The Health Insurance Portability and Accountability Act (HIPAA) is a set of standards designs to regulate how companies handle protected health information for their patients. Every medical facility and company with access to confidential patient information is required by law to be HIPAA compliant. To ensure these rules are followed the HITECH Act mandates company audits for HIPAA compliance on an annual basis.
What Is HIPAA Compliance?
Health care providers and other companies with access to patient’s medical records are required by law to follow a specific set of standards that determines how the information is stored, used, and shared. Failure to comply with HIPAA privacy regulations typically results in fines being issued the company, and in some cases, criminal charges are filed and/or civil action lawsuits are pursued.
The Office for Civil Rights (OCR) of the Department of Health and Human Services is responsible for fining and/or filing charges against companies that aren’t compliant with HIPAA regulations. The office doesn’t consider ignorance a justifiable defense, so even if the HIPAA violation was inadvertent, companies are still held responsible. Because of this, companies with access to protected health information typically review HIPAA requirements on an annual or bi-annual basis to ensure any necessary changes are implemented as soon as possible.
What Is the HITECH ACT?
The Health Information Technology for Economic and Clinical Health (HITECH) Act sets regulations for the HIPAA Privacy, Security, and Breach Notification Audit Program. The program requires the OCR to conduct company audits periodically to ensure health care providers are in compliance with the HIPAA privacy, security, and notification guidelines as they are outlined in HIPAA and its amendments.
The bottom line is if your company has access to protected health information, it has to be compliant with HIPAA HITECH is simply the act that regulates how companies are audited, when they’re audited, and the consequences for failure to comply with HIPAA.
Health care providers, medical facilities, and companies that have access to protected health information need to make sure they have technical, physical, and administrative safeguards in place to protect all confidential medical information.
Some of the technical safeguards required include implementing:
- Activity logs and audit controls
- Automatic sign-off features on all PCs and devices
- Tools for encryption and decryption
- A mechanism to authenticate electronic protected health information
- A means of access control
Because the technical regulations are strict, you should consider going paperless. It’s a lot easier to protect electronic patient records than paper ones.

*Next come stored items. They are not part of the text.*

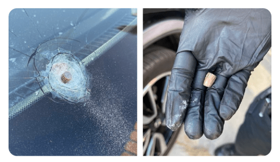 “Bullet hole in my windshield today, Los Angles Police Department asked me if I have any enemy’s I said “yes” and named 3 people. Let’s see where this investigation goes. LAPD said it looks like a 45 caliber, it’s a big bullet.”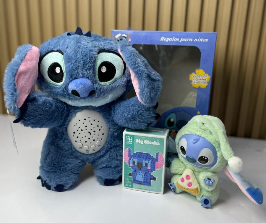El set Stitch Peluches 3 en 1 con Figura y Bloques Armables es un conjunto infantil interactivo que combina tres formatos de entretenimiento y colección: un peluche grande con funciones electrónicas, una figura coleccionable de Stitch en pijama y un set de bloques de construcción tipo mini ladrillos. Este producto está diseñado para estimular la creatividad, el juego simbólico y la relajación de los niños a partir de los 3 años, integrando diferentes tipos de interacción: táctil, visual y constructiva.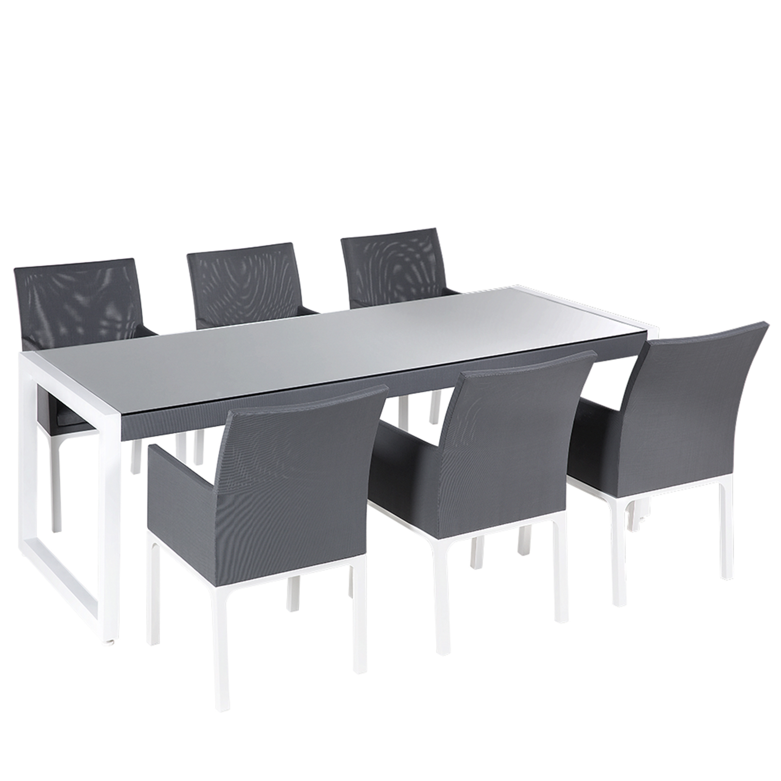 Kaunis ruokailuryhmä ulkokäyttöön. Tämä moderni seitsemästä osasta koostuva puutarhakalustesetti on täydellinen paikka perheen yhteisille aterioille. Katseita keräävä muotoilu ja yksinkertaiset muodot ovat tämän korkealaatuisen kalustesetin kohokohtia. Kestävällä, harmaan värisellä polyesterillä verhoillut tuolit on täytetty miellyttävän tuntuisella vaahtomuovilla. Materiaalit ovat nopeasti kuivuvia ja kestävät satunnaisia sadekuuroja. Pöytälevy on verhoiltu polyesterillä, jonka päällä sijaitseva karkaistu lasitaso tarjoaa paljon tilaa erilaisille naposteltaville ja juomille. Valkoiseksi jauhemaalatut alumiinirungot takaavat vakauden.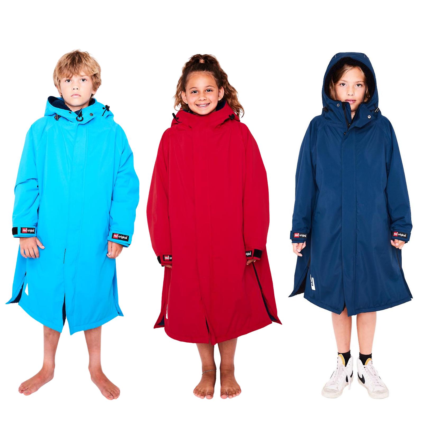Red Kids Dry Pro Hooded Surf Surfing Swim Fur Lining Changing Robe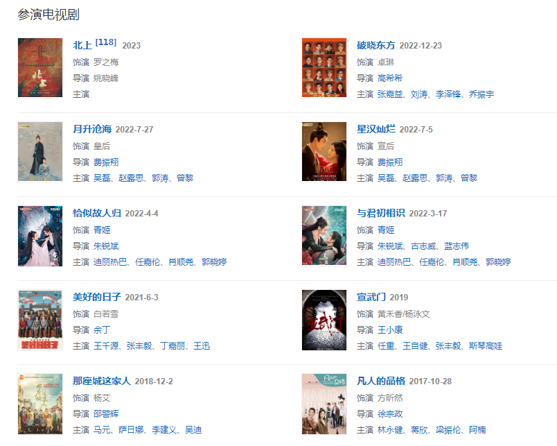 2011年,憑借諜戰(zhàn)劇《斷刺》獲得第29屆中國電視劇飛天獎優(yōu)秀女演員提名。2013年,主演戰(zhàn)爭劇《亂世三義》。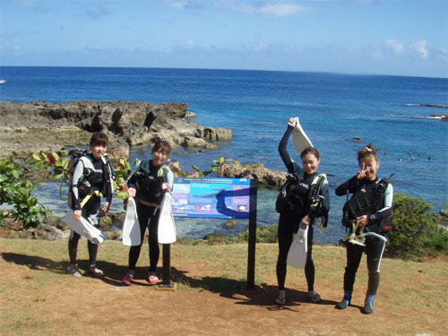 一昨日の東ボートダイビングに続き、女性4名のFujiokaさんチームとノースショアへのダイビングでした。もちろん今日も空は真っ青、波なしのペッタンコでコンディションは良好。ゆっくりと準備を整えたら出発です。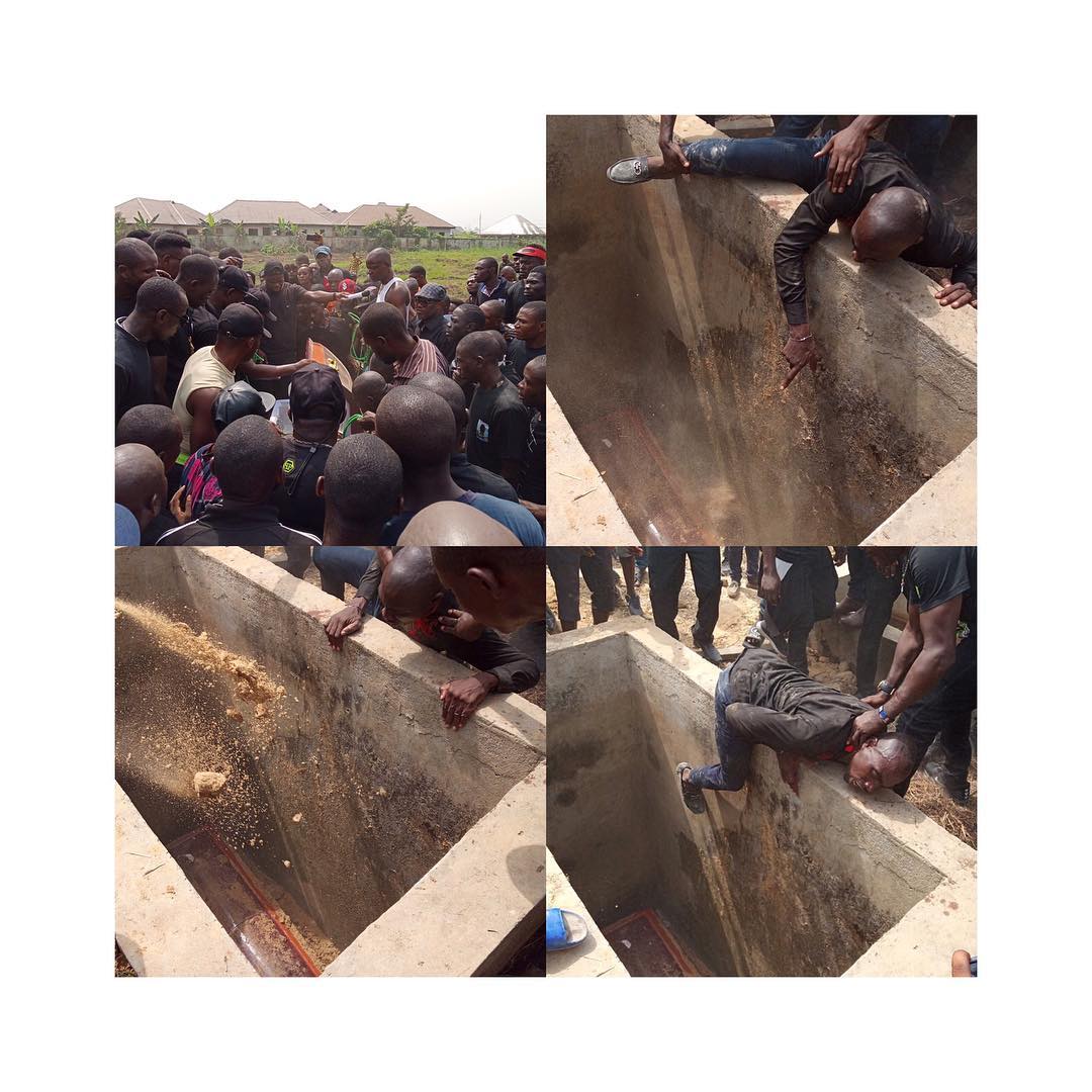 The deceased was recently killed by yet to be identified gunmen. It took the intervention of other mourners to prevent his friend from entering the grave with him.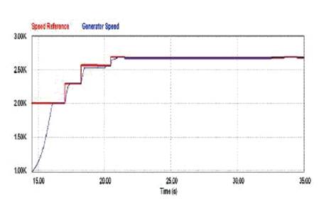 Figure 17. Wind MPPT- Generator speed and reference speed signal (SEPIC operation)
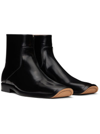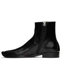 Ankle-high calfskin boots in black. · Modified square toe · Zip closure at side · Calfskin lining · Stacked leather heel · Leather sole Supplier color: Black Calfskin. Made in Italy 242798M228003

Some of the physical safeguards required include:
- Installing facility access controls
- Implementing workstation use and positioning policies
- Implementing policies and procedures for the use of mobile devices
- Maintaining an inventory of all hardware
Some of the administrative safeguards required include:
- Conducting HIPAA risk assessments at regular intervals
- Introducing a risk management policy
- Continually conducting HIPAA training for employees
- Developing and testing a contingency plan
- Restricting third-party access to protected information and your secured network
- Reporting all security incidents
- Obtain written permission from patients before their health information is used for marketing, fundraising, or research purposes
HIPAA Breach Notification Rule
The HIPAA Breach Notification Rule requires companies to notify patients when there is a breach in the company’s electronic protected health information system. If a breach occurs that affects more than 500 people, companies are also required to notify the Department of Health and Human Services and issue a statement to the media. If a breach affects less than 500 people, companies still need to report it. However, it’s reported through the OCR web portal instead of directly to the Department of Health and Human Services and the media notice isn’t required.
Ultimately, if your company has access to protected health information, it’s important to make sure your business is HIPAA compliant. If it isn’t, your company isn’t all that’s at risk. You’re risking your patient’s personal information too.